Friends, Jesus has vanished from my sight.  So many times.  More than I can count.  I too have been on the road or in Scripture or at table or at Eucharist and caught a glimpse of the Lord, only to have him slip very quickly from the grasp of my mind and heart.  I too have blinked and found him gone.  Does the presence of the Risen Lord permeate my life?  I pray that is so.  But am I always intimately connected with him, close enough to reach out and touch?  Do I live in a state of always seeing and recognizing him?  No, I do not.

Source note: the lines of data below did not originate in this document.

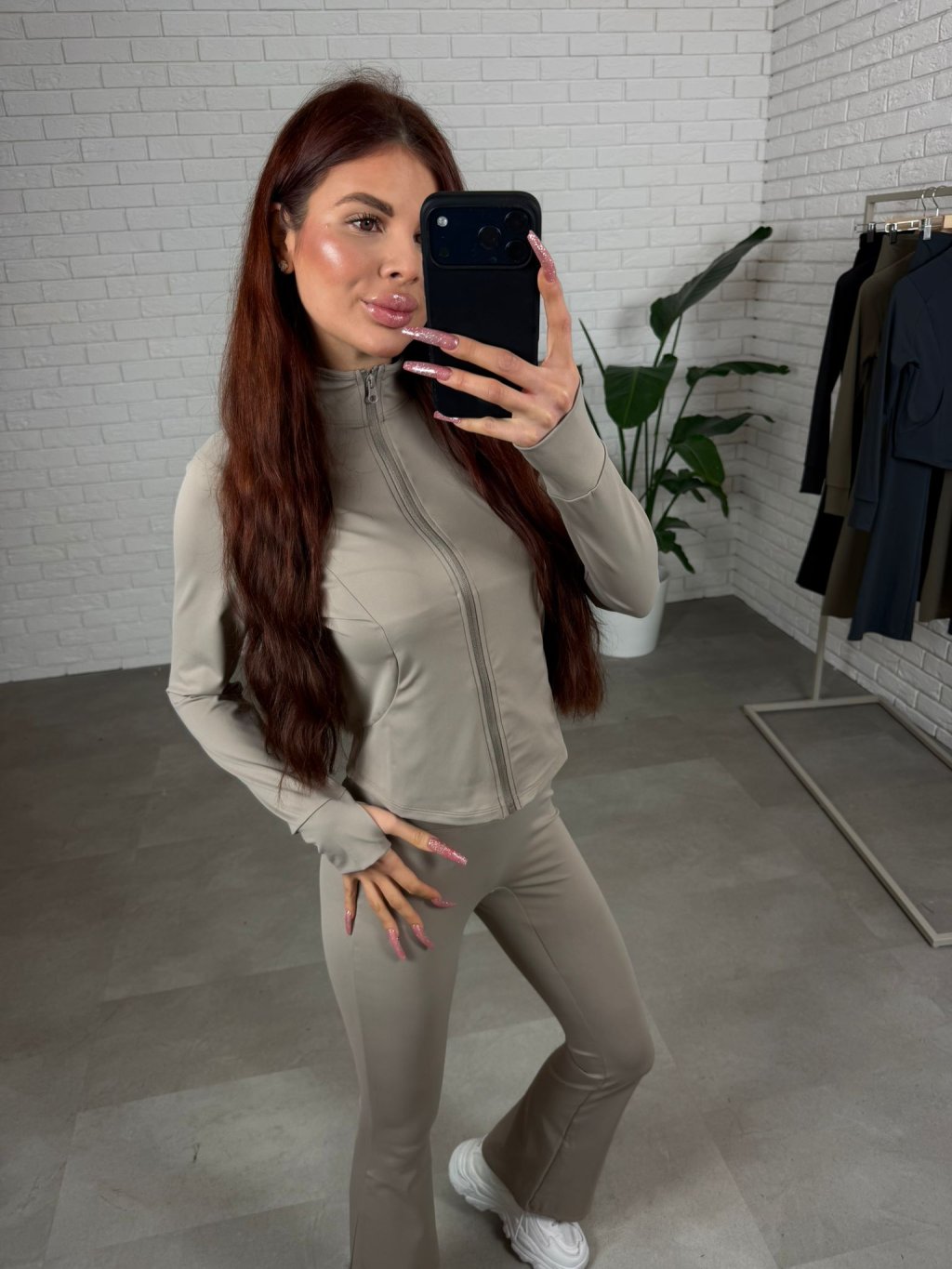 Jógový set NAMBIA je výnimočný kombináciou pohodlia, funkčnosti a elegantného dizajnu. Vrchný diel má praktické rukávy s otvorom na palec, ktoré jemne zakrývajú časť dlane a zabraňujú vyhŕňaniu počas pohybu. Po bokoch sa nachádzajú nenápadné vrecká na drobnosti a set je vhodný pre postavy do výšky približne 175 cm. Legíny majú elastický pás, ktorý sa krásne prispôsobí postave a pohodlne sadne aj na tehotenské bruško. Spodná časť nohavíc je zakončená jemne rozšíreným strihom, ktorý pôsobí žensky a opticky predlžuje nohy. Set je dostupný vo veľkostiach S/M a L/XL a je ideálny na jogu, relax aj bežné nosenie.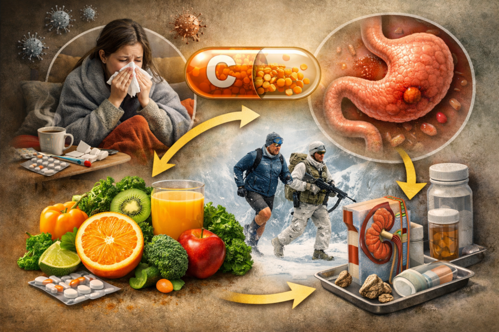 U wybranych: np. przy ekstremalnym wysiłku + stresie zimna (maratony, treningi w trudnych warunkach) albo gdy realnie grozi niedobór (m.in. palacze, część pacjentów przewlekle chorych). I ważne: „naturalne” nie znaczy „obojętne”. Duże dawki często kończą się problemami z przewodem pokarmowym, a u niektórych ryzyko działań niepożądanych rośnie.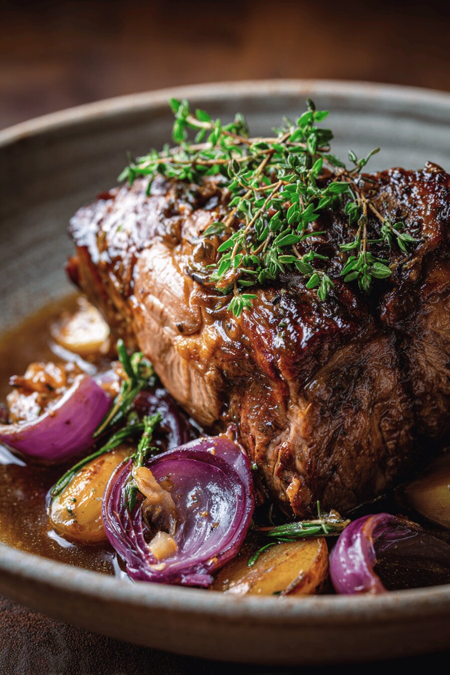 Comece pré-aquecendo o forno para garantir temperatura constante — é chave para a textura final. Use uma faca pequena para fazer incisões no pernil e coloque fatias de alho para infundir sabor. Selar a carne é passo obrigatório: não só cor, mas fechamento dos sucos internos. Depois, na mesma panela, dourar a cebola para ganhar aroma, evitando lavar, mantém aroma e sabor acumulado. Cenoura entra junto para adoçar e dar textura no líquido de cozimento. Volte a carne, despeje o vinho - que vai deglacear o fundo da panela, puxando sabor. Por fim, coloque os ramos de tomilho e tampe bem. No forno baixa temperatura, sem pressa, quase nenhuma intervenção até o final — só paciência. Deixe repousar fora do forno uns 15 minutos para os sucos redistribuírem e a carne firmar levemente antes de cortar. Sirva com acompanhamento simples, que absorva o molho e traga conforto. Um prato que vale o tempo, pede calma e atenção mínima, mas resultado entrega festa na boca.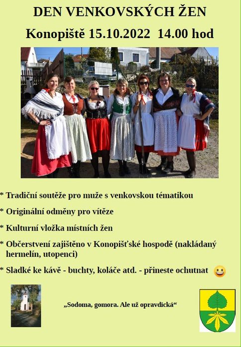 Dne 15.10.2022 se v Konopišti konal oblíbený Den venkovských žen. Na programu byly veselé, netradiční soutěže pro muže: např. házení vidlemi, jízda s kolečkem, věšení dámského spodního prádla na šňůru aj. Po vyhlášení vítězů jednotlivých kategorií se soutěžní odpoledne ukončilo malou kulturní vložkou místních žen.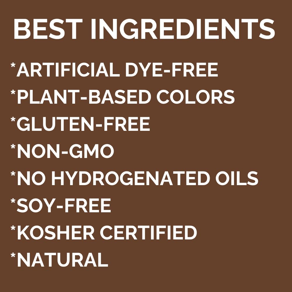 Q: What are Color Kitchen Dark Cocoa Sprinkles made from?A: Color Kitchen Dark Cocoa Sprinkles are crafted from natural ingredients, featuring plant-based colors that are artificial dye-free, gluten-free, non-GMO, and soy-free. They provide a rich, dark chocolatey hue for your baking needs.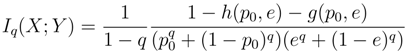 where represents the escort average with respect to p(x). Let us next define the mutual information Iq(Y; X). Here, we shall follow the usual definition of the reduction in uncertainty due to another variable (the entropy subtracted by the conditional entropy). That is,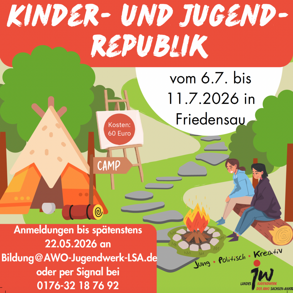 Im Sommer 2024 (6.7-11.7.2026) wird das Landesjugendwerk der AWO Sachsen-Anhalt e.V. in Anlehnung an die Kinderrepubliken der Arbeiterbewegung in den 1920er Jahren auf dem Zeltplatz Friedensau eine einwöchige Kinder- und Jugendrepublik durchführen.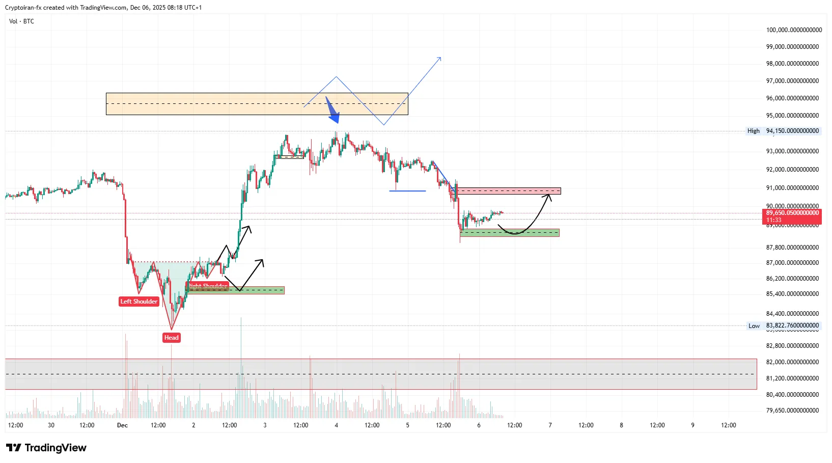 بیت کوین بعد از جمعکردن لیکوییدیتی، یک الگوی سر و شانه معکوس تشکیل داد و تونست خودش رو به سطح عرضه ۸۹ تا ۹۱ هزار دلار نزدیک کنه؛ این ناحیه به عنوان یک مقاومت جدی برای بیت کوین محسوب میشه. درحال حاضر قیمت خودش رو به این محدوده نزدیک کرده و میتونه با رسیدن بهش با فشار فروش کوتاه مدت همراه بشه. روی سطح مشخص شده میتونید با دیدن تاییدیه کندلی و BOS در تایمفریم ۱۵ دقیقهای، وارد پوزیشن فروش بشید. اگه به هر دلیلی هم این سطح پرقدرت رو به بالا شکسته بشه، میتونیم بعد از پولبک با احتمال برد بیشتری وارد موقعیت خرید بیت کوین بشیم. مهمترین شرط برای ادامه روند صعودی و رسیدن به اهداف بالاتر، تثبیت قیمت بالای سطح ۹۲ هزار دلاره.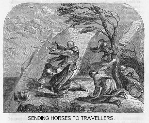 Samdadchiemba had not been gone many days before he suddenly re-appeared amongst us. He had been robbed by brigands who had taken from him his entire provision of meal, butter, and tea. For the last day and a half he had eaten nothing whatever, and, of consequence, his voice was hollow, and his face pale and haggard. Only seeing one camel in the court-yard, we imagined that the two others had become the prey of the brigands, but Samdadchiemba relieved us by the assurance that he had confided them to the Tartar family who had granted him their hospitality. Upon hearing this statement, Sandara knitted his brows. “Samdadchiemba,” said he, “you are my younger brother, as it were; I have therefore a right to ask you a few questions.” And thereupon he submitted the cameleer to an interrogatory characterised by all the depth and subtlety of an able advocate cross-examining some cunning offender. He demanded the minutest details, and applied himself with infinite ingenuity to work up the contradictions into which he involved the questioned party, and to put forward in prominent relief the apparent improbability of his story. How was it, he asked, that the robbers had stolen the butter, yet left the bag in which the butter was carried? How was it they had respected the little snuff-bottle, yet carried off the embroidered purse which served it as a cover. When he had finished his inquiries, he added, with a malicious smile: “I have put these few questions to my brother out of pure curiosity; I attach no importance to them. It is not I who have to disburse the wherewithal to buy him fresh provisions.”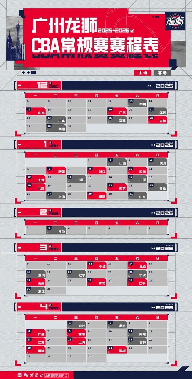 - CBA | 前行无畏广州龙狮20252026赛季CBA联赛常规赛赛程图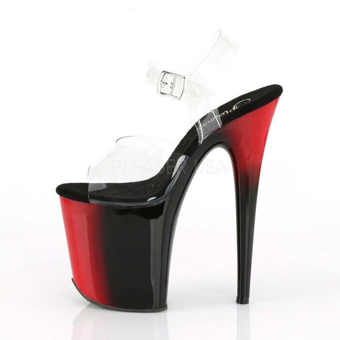 取寄せ靴 PLEASER プリーザー サンダル レディース メンズ 約20cm ハイヒール 約10cm ストーム 厚底サンダル オープントゥ アンクル ストラップ バックル クリア 赤 レッド 黒 ブラック 大きいサイズあり 21.5 22 22.5 23 23.5 24 24.5 25 25.5 26 26.5 27 27.5 28 cm センチ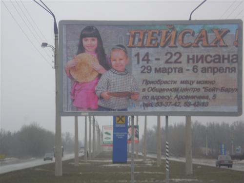 Улицы и магистрали Днепродзержинска украсились бигбордами, информирующими население города о приближении Песаха и о необходимости приобрести к празднику достаточное количество мацы.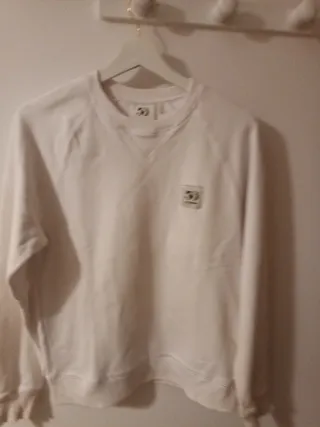 Sudadera de Zara en color blanco con un diseño moderno. - Detalle de logo 50 en el pecho. - Cuello redondo. - Mangas ranglán.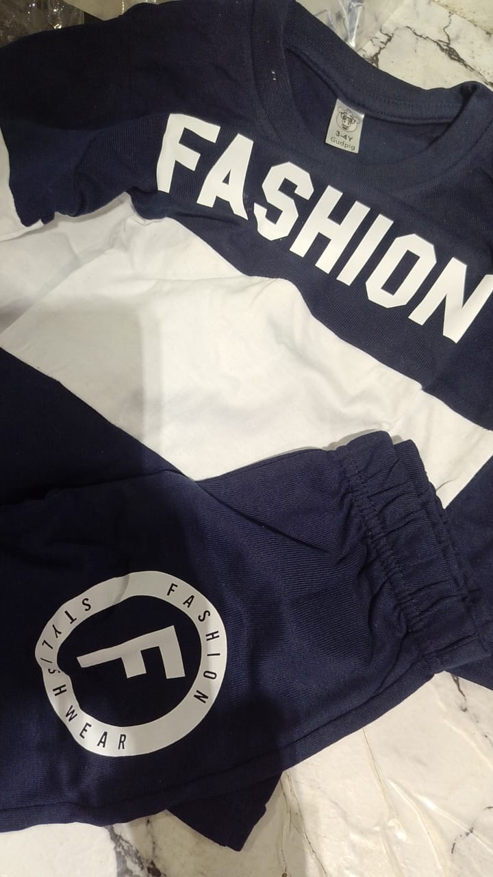 Private Label Navy Blue Colour Kids 3 To 4 Years Boys Top Bottom Set Full Sleeve

And I am not dismayed by this.  In fact, as the years pass I grow ever more content with this natural rhythm of the spiritual life.  The disciples had beautiful moments with Jesus.  They also had times of unknowing and distance, times of slowness of heart or blurred vision.  This experience with the Risen Lord – yes, he vanished from their sight – but they did not fret over it or desperately try to call him back or spend much time suffering over the loss.  No, it seems they were quite filled by the experience – brief as it was.  They ran with joy to tell the others.  But of course you remember the story – their hearts were burning!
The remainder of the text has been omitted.